Complex AI agents rarely fail because of a single prompt or a single tool. They fail in the space between those pieces: the loops, the decisions, and the orchestration that glues everything together. In crewAI, that glue lives inside CrewAgentExecutor, a surprisingly rich class that turns raw LLMs and tools into reliable agents. I'm Mahmoud Zalt, an AI solutions architect, and we’ll walk through how this executor behaves like a control tower for your agents — and what we can reuse from its design when building our own orchestration code.

Setting the scene

We’re examining how crewAI runs a single agent to completion. crewAI is an orchestration framework for LLM‑powered agents; it doesn’t try to be an LLM or a tool library itself.

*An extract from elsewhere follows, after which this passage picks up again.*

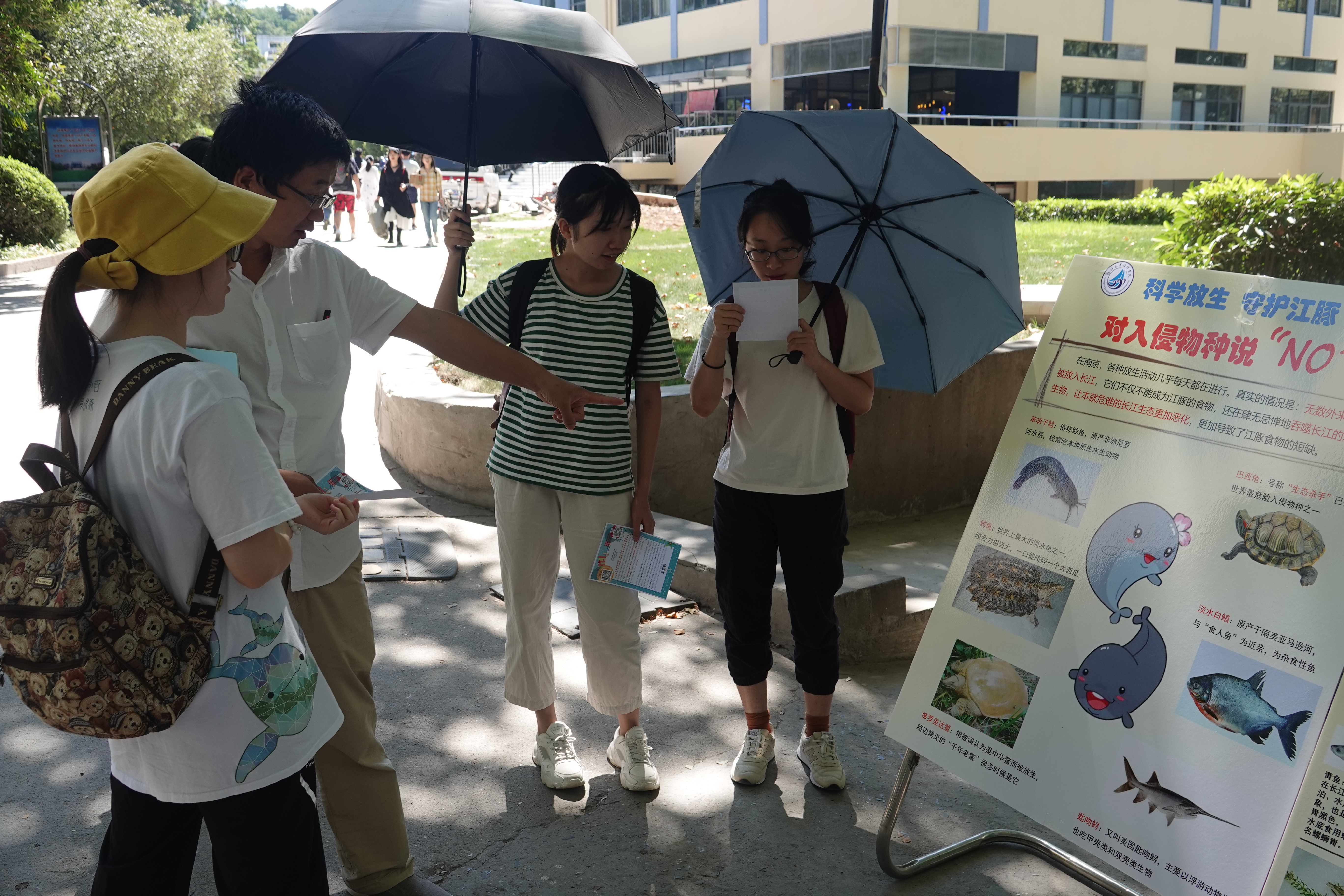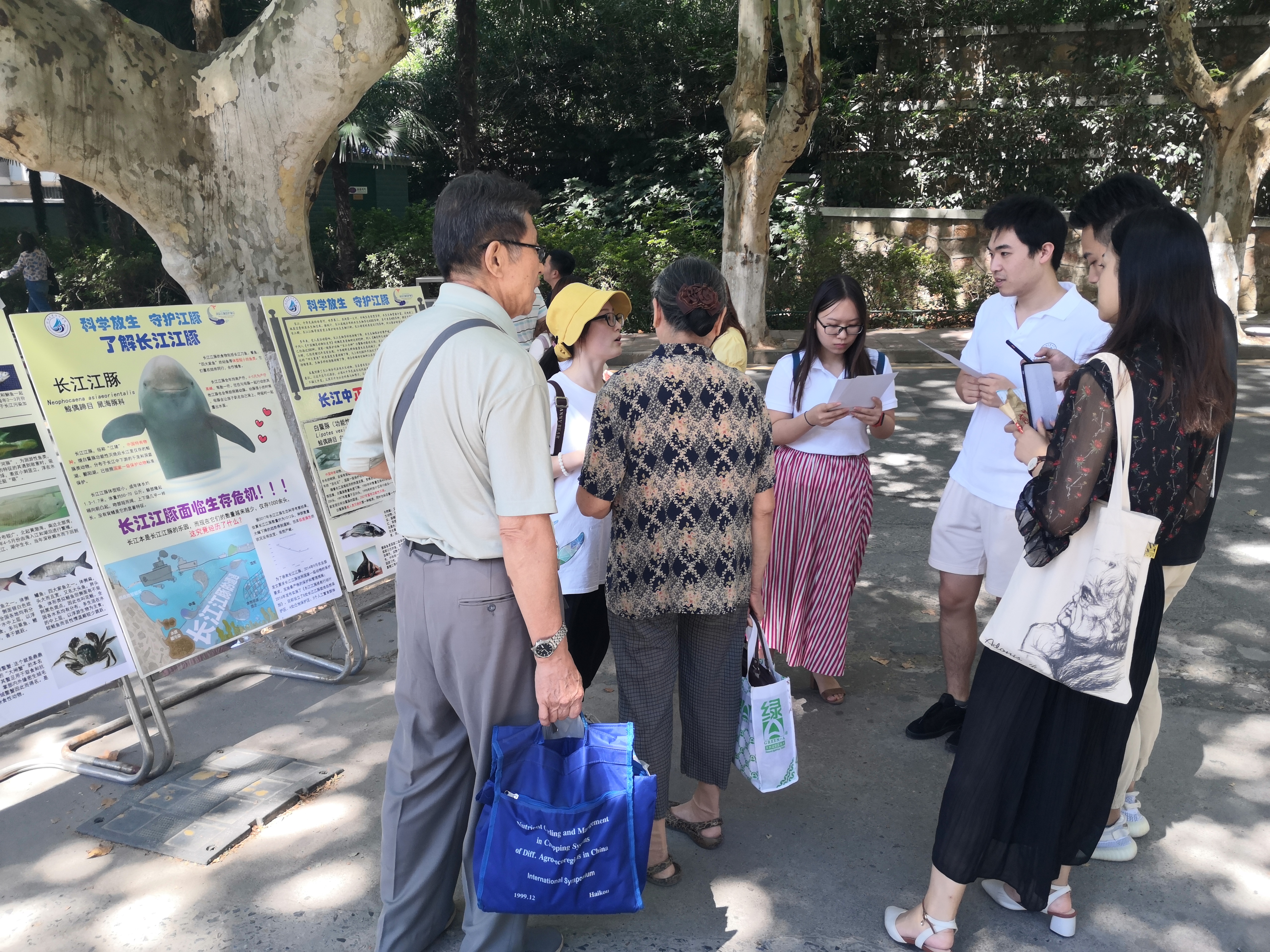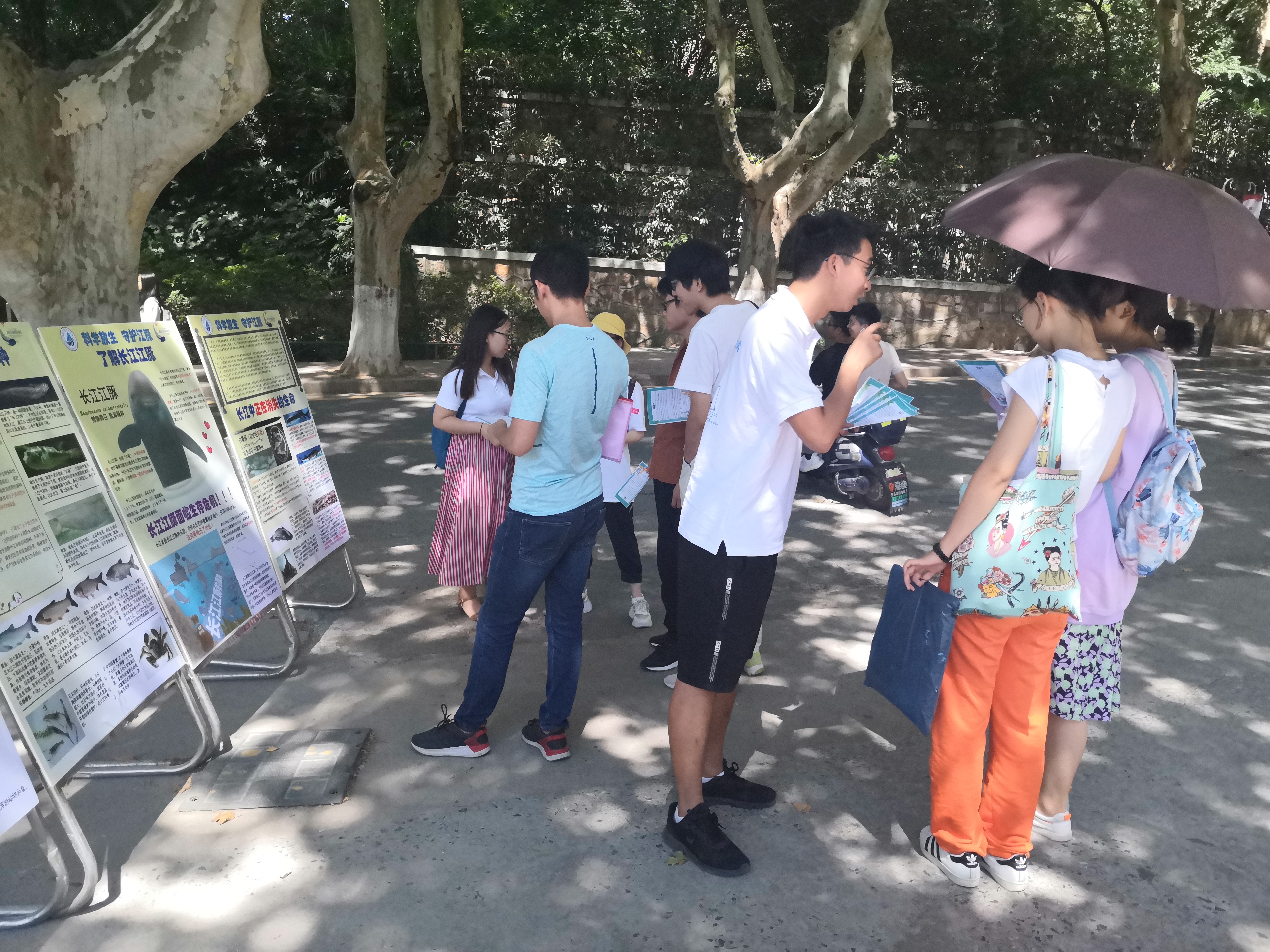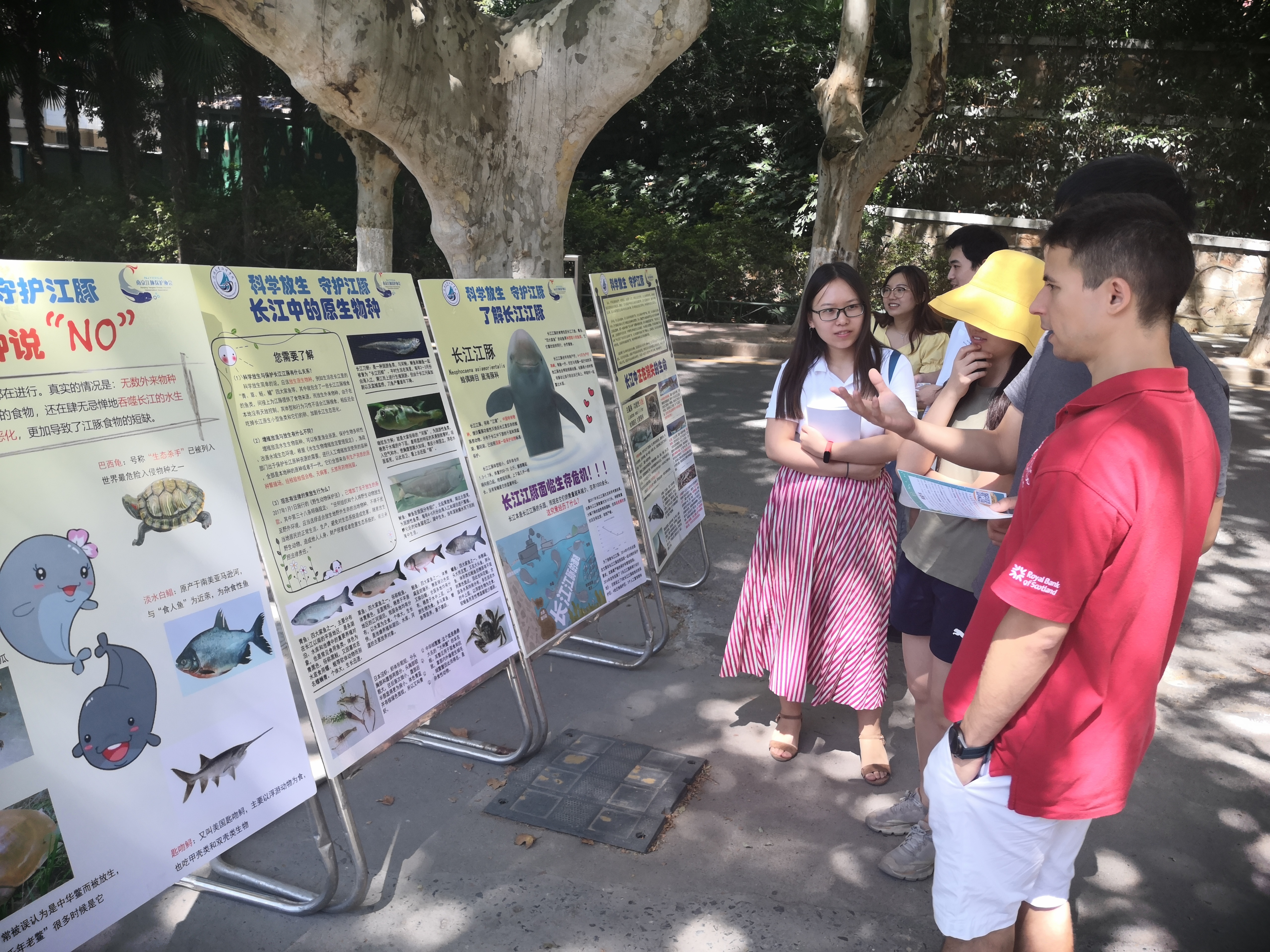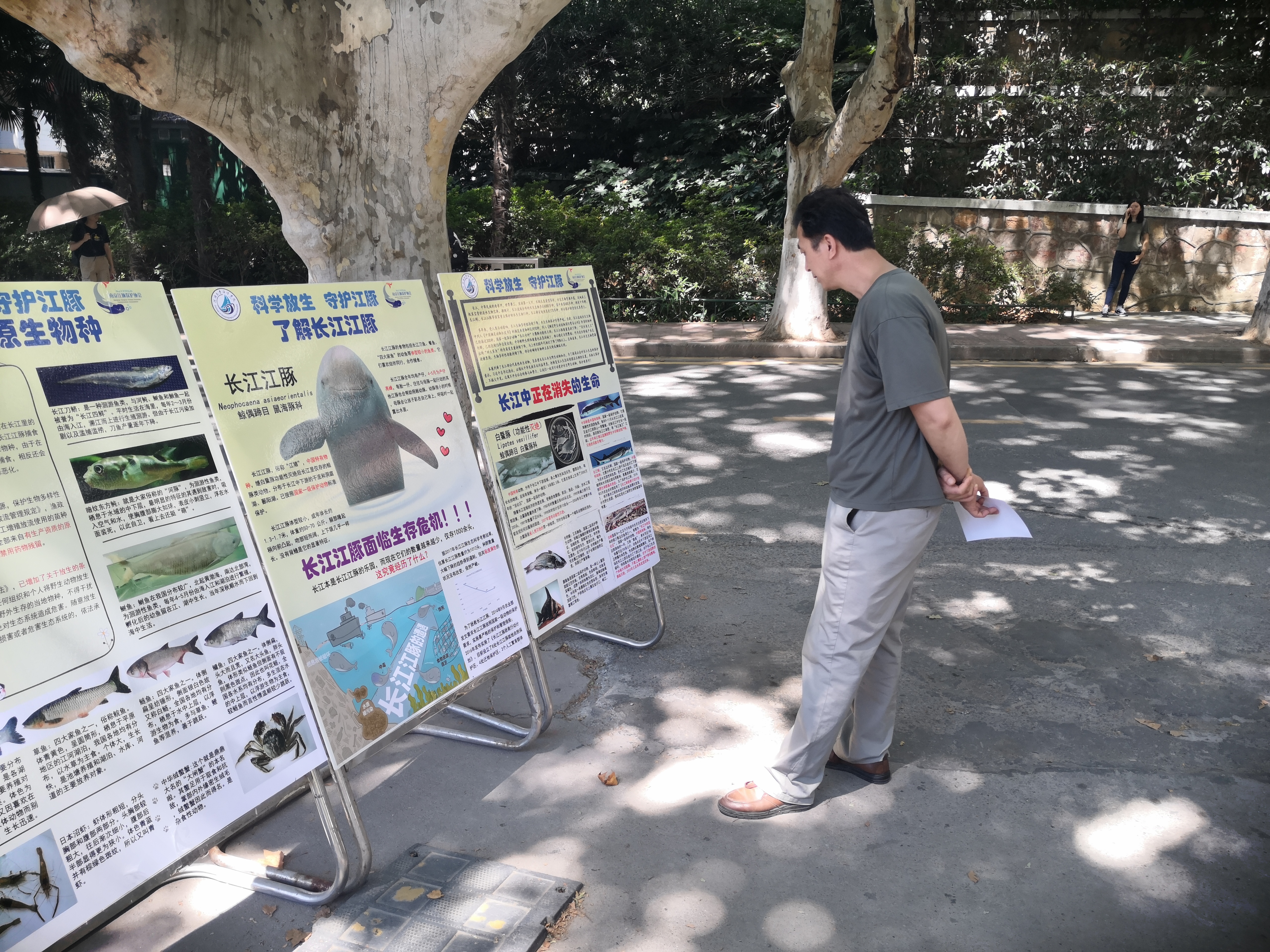 在活动快结束时,来了一位对长江环境问题十分关心的管理人员,他告诉我们经常看到很多人往秦淮河、长江里放生各种鱼、龟之类的生物,一开始以为这不会对水生态环境有影响,今天看了展板之后,确实应该加强宣传科学放生,更加注重生态保护。 同时还有一队路过的工程人员,他们在展板前讨论起南京4号线地铁在建设期间,重视对江豚等长江生物的保护,并表示这一做法非常有必要。

At the center of its agents layer is CrewAgentExecutor, a class whose job is to decide when to call the LLM, when to call tools, how to handle errors, and when to stop.

project-root/
  lib/
    crewai/
      src/
        crewai/
          agents/
            base_agent_executor.py   # Base lifecycle and shared logic
            crew_agent_executor.py   # This file: orchestrates agent + tools + LLM
          core/
            providers/
              human_input.py         # Human feedback provider used here
          events/
            event_bus.py             # crewai_event_bus observed by executor
            types/
              logging_events.py      # AgentLogsStartedEvent, AgentLogsExecutionEvent
              tool_usage_events.py   # ToolUsage* events from tool execution
          utilities/
            agent_utils.py           # LLM response helpers, context handling
            file_store.py            # get_all_files/aget_all_files for multimodal
            training_handler.py      # CrewTrainingHandler for TRAINING_DATA_FILE
            tool_utils.py            # execute_tool_and_check_finality, async variant
            i18n.py                  # I18N_DEFAULT for prompts and tool names

CrewAgentExecutor sits in the middle of the agents layer, orchestrating many utilities.

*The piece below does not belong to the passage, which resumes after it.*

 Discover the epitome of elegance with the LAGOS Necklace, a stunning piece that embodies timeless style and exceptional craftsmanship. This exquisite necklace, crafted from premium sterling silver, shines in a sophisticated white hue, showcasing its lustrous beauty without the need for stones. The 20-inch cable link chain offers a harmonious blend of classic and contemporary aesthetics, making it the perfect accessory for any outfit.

At a high level, a run looks like this:

invoke/ainvoke is called with a dict of inputs.
Prompts are formatted, multimodal files attached, and an initial message history is built.
A main loop runs: call the LLM, interpret the result as either an AgentAction (use a tool) or AgentFinish (we’re done).
Tool calls are executed, results logged and appended to messages.
Human feedback and training data are optionally captured.

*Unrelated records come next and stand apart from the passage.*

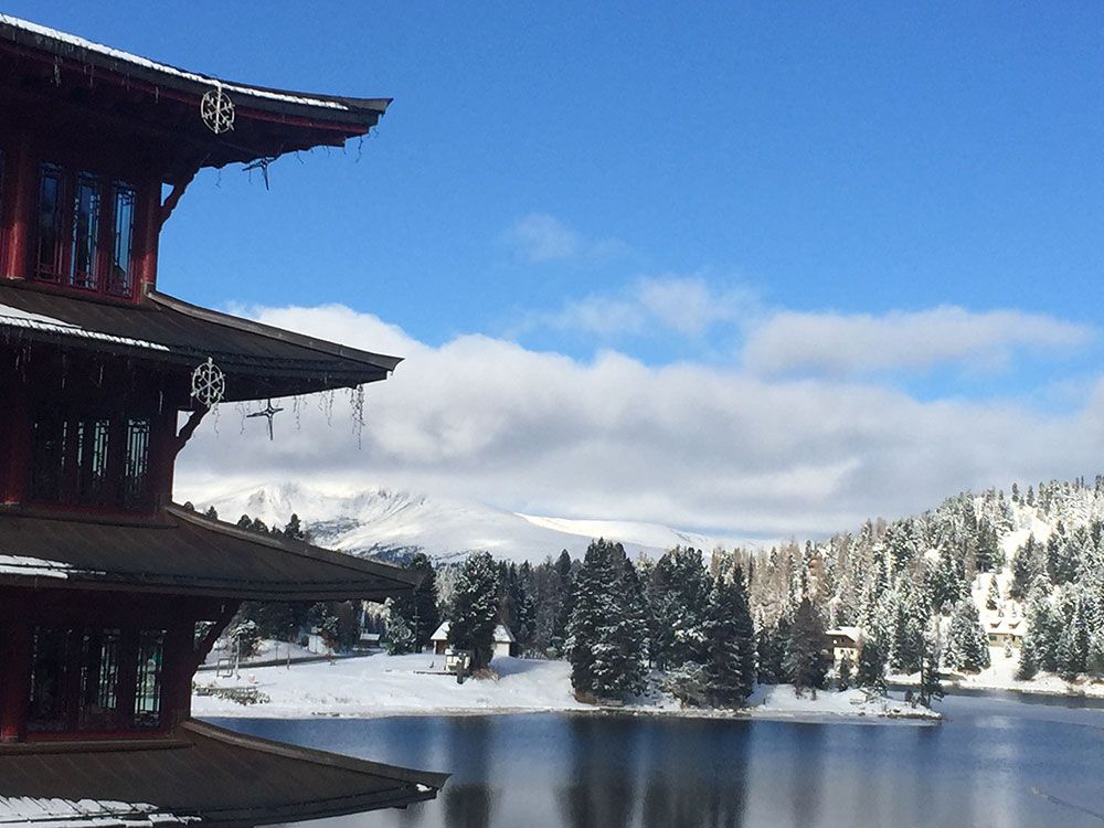 Hned druhá věc, která vás z dálky na Turrachu upoutá, je pagoda s červenou střechou na břehu jezera. Rovněž patří hotelu Hochschober, a tato čtyřpodlažní věž je jedinou autentickou čínskou stavbou v Alpách. Původně měla být čajovnou v čínském stylu. Právě do těch se totiž na svých cestách na začátku 90. let minulého století zamiloval majitel Hochschoberu Peter Leeb, který navázal na sen svého otce: vybudovat v Evropě zcela jedinečné středisko odpočinku spojující to nejlepší z celého světa. Zajímal se také o metody tělesného a duševního uvolnění z Říše středu. V roce 2005 tak vyrostla na břehu jezera čínská pagoda, která tohle vše nabízí: v 1. patře najdete odborníky na tradiční čínskou medicínu, ve 2. si můžete dopřát masáže, ve 3. se medituje a cvičí jóga pod dohledem špičkových jogínů a ve 4. patře našla své místo čajovna s tím nejkrásnějším výhledem na alpské velikány.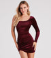 This glitter velvet dress shows all of your good sides! It features a one-shoulder neckline, a single long sleeve, and a ruched side seam accentuating your curves along the form-hugging, short-length hem. Complete the look with a clutch purse for a semi-formal event.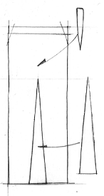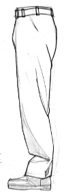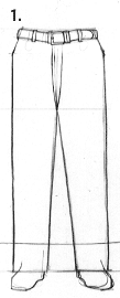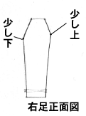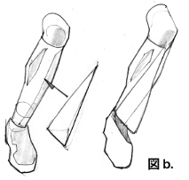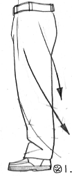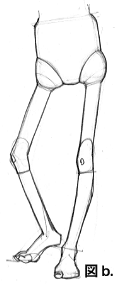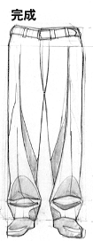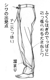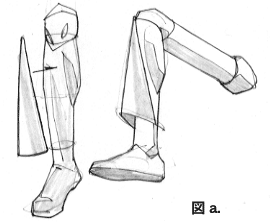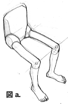 だぼだぼずぼんを履いて膝を大きく曲げて座ってみると下の絵図a.とb.のような足三角ができるのです。ズボンの生地の差はありますがこの足三角をくっつけるとらしく見えて有効です。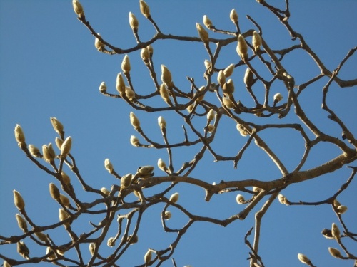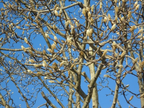 幼稚園の白モクレンも葉が落ちて、つぼみがいっぱい出来てきました。また、卒業式・卒園式の頃に白い綺麗な花をたくさん咲かせてくれるでしょう。

This is not a thin wrapper around an LLM. It’s the control tower for a single agent: it decides who talks when, tracks shared history, enforces limits, and tells everyone when the flight is over.

The agent loop as a control tower

Once the executor is wired up, the core question becomes: how does this control tower make sure a conversation actually lands? That logic lives in the agent loop.

The first decision in each run is whether to use native function calling or a ReAct‑style text protocol. The executor chooses a strategy up front:

def _invoke_loop(self) -> AgentFinish:
    """Execute agent loop until completion."""
    use_native_tools = (
        hasattr(self.llm, "supports_function_calling")
        and callable(getattr(self.llm, "supports_function_calling", None))
        and self.llm.supports_function_calling()
        and self.original_tools
    )

    if use_native_tools:
        return self._invoke_loop_native_tools()

    return self._invoke_loop_react()

One executor, two strategies: native tools vs ReAct.

This is a straightforward Strategy pattern: the goal (“run the agent to completion”) is fixed, but the algorithm depends on LLM capabilities. The rest of the class is structured around this switch.

The ReAct path exposes the full machinery of the control tower:

def _invoke_loop_react(self) -> AgentFinish:
    formatted_answer = None
    while not isinstance(formatted_answer, AgentFinish):
        try:
            if has_reached_max_iterations(self.iterations, self.max_iter):
                formatted_answer = handle_max_iterations_exceeded(
                    formatted_answer,
                    printer=PRINTER,
                    messages=self.messages,
                    llm=cast("BaseLLM", self.llm),
                    callbacks=self.callbacks,
                    verbose=self.agent.verbose,
                )
                break

            enforce_rpm_limit(self.request_within_rpm_limit)

            answer = get_llm_response(
                llm=cast("BaseLLM", self.llm),
                messages=self.messages,
                callbacks=self.callbacks,
                printer=PRINTER,
                from_task=self.task,
                from_agent=self.agent,
                response_model=self.response_model,
                executor_context=self,
                verbose=self.agent.verbose,
            )

            # ... parse into AgentAction or AgentFinish ...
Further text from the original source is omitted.